Every line from the top of the records through the line containing "干天麻价格指数继续稳定在14" should be retyped exactly; the pictures should not.
Segment Start: INFORMATION PROVIDED
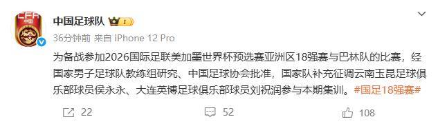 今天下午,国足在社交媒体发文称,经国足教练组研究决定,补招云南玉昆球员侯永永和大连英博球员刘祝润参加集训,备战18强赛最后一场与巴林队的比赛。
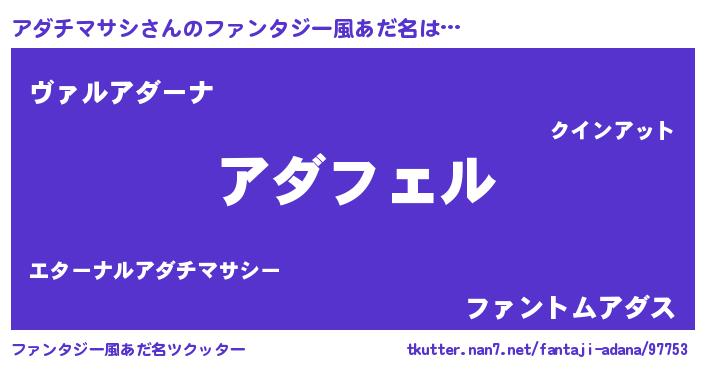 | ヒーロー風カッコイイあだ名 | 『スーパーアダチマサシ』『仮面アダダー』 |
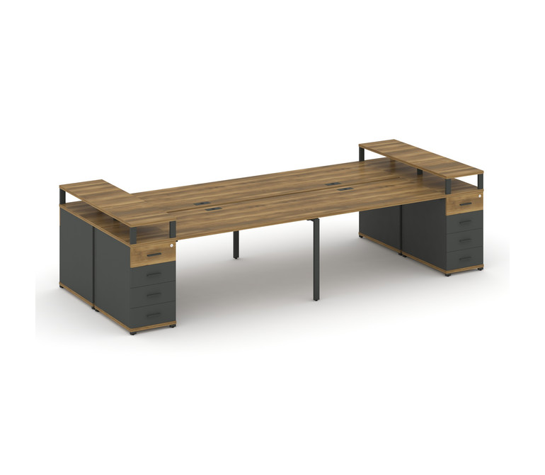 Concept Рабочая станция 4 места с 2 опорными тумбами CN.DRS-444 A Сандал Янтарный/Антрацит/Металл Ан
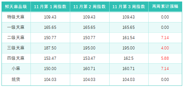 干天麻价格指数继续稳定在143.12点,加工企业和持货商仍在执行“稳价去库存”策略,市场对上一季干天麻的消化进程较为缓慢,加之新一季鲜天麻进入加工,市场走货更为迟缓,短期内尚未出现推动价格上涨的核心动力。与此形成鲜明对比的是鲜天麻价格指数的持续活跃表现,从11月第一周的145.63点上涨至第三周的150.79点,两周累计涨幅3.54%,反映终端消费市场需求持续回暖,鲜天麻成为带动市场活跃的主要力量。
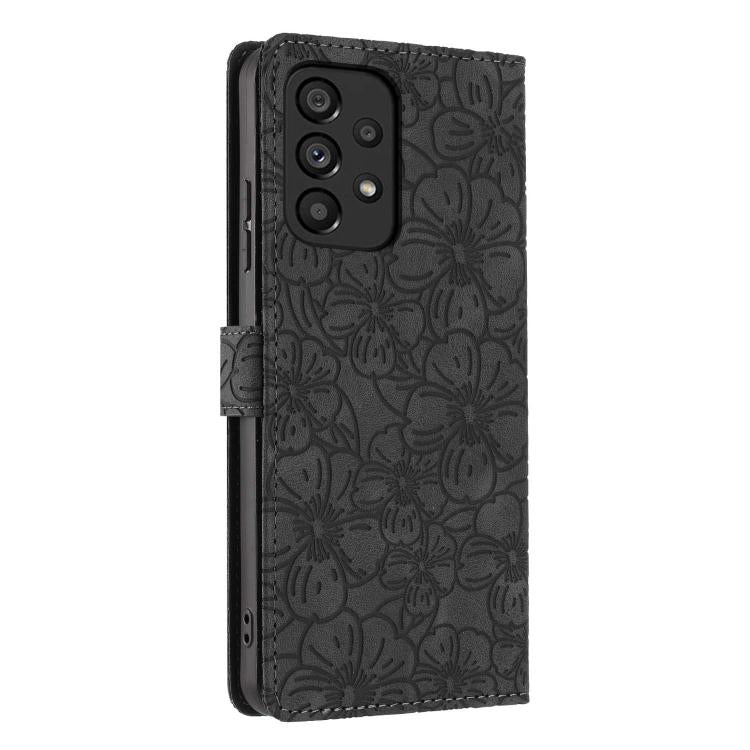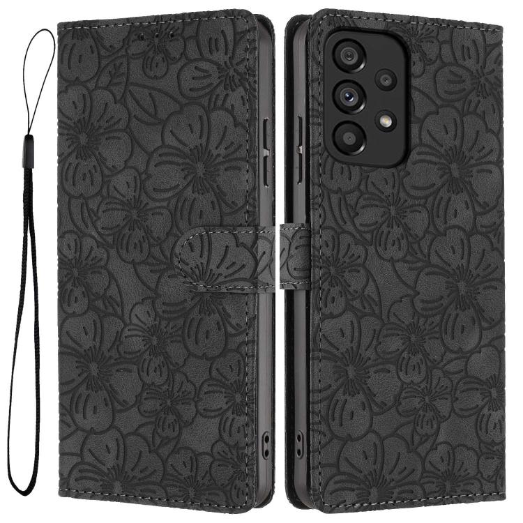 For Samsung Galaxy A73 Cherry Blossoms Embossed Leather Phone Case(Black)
Segment End: INFORMATION PROVIDED
» **EXERCISE RESPONSE**
 今天下午,国足在社交媒体发文称,经国足教练组研究决定,补招云南玉昆球员侯永永和大连英博球员刘祝润参加集训,备战18强赛最后一场与巴林队的比赛。
 | ヒーロー風カッコイイあだ名 | 『スーパーアダチマサシ』『仮面アダダー』 |
 Concept Рабочая станция 4 места с 2 опорными тумбами CN.DRS-444 A Сандал Янтарный/Антрацит/Металл Ан
 干天麻价格指数继续稳定在143.12点,加工企业和持货商仍在执行“稳价去库存”策略,市场对上一季干天麻的消化进程较为缓慢,加之新一季鲜天麻进入加工,市场走货更为迟缓,短期内尚未出现推动价格上涨的核心动力。与此形成鲜明对比的是鲜天麻价格指数的持续活跃表现,从11月第一周的145.63点上涨至第三周的150.79点,两周累计涨幅3.54%,反映终端消费市场需求持续回暖,鲜天麻成为带动市场活跃的主要力量。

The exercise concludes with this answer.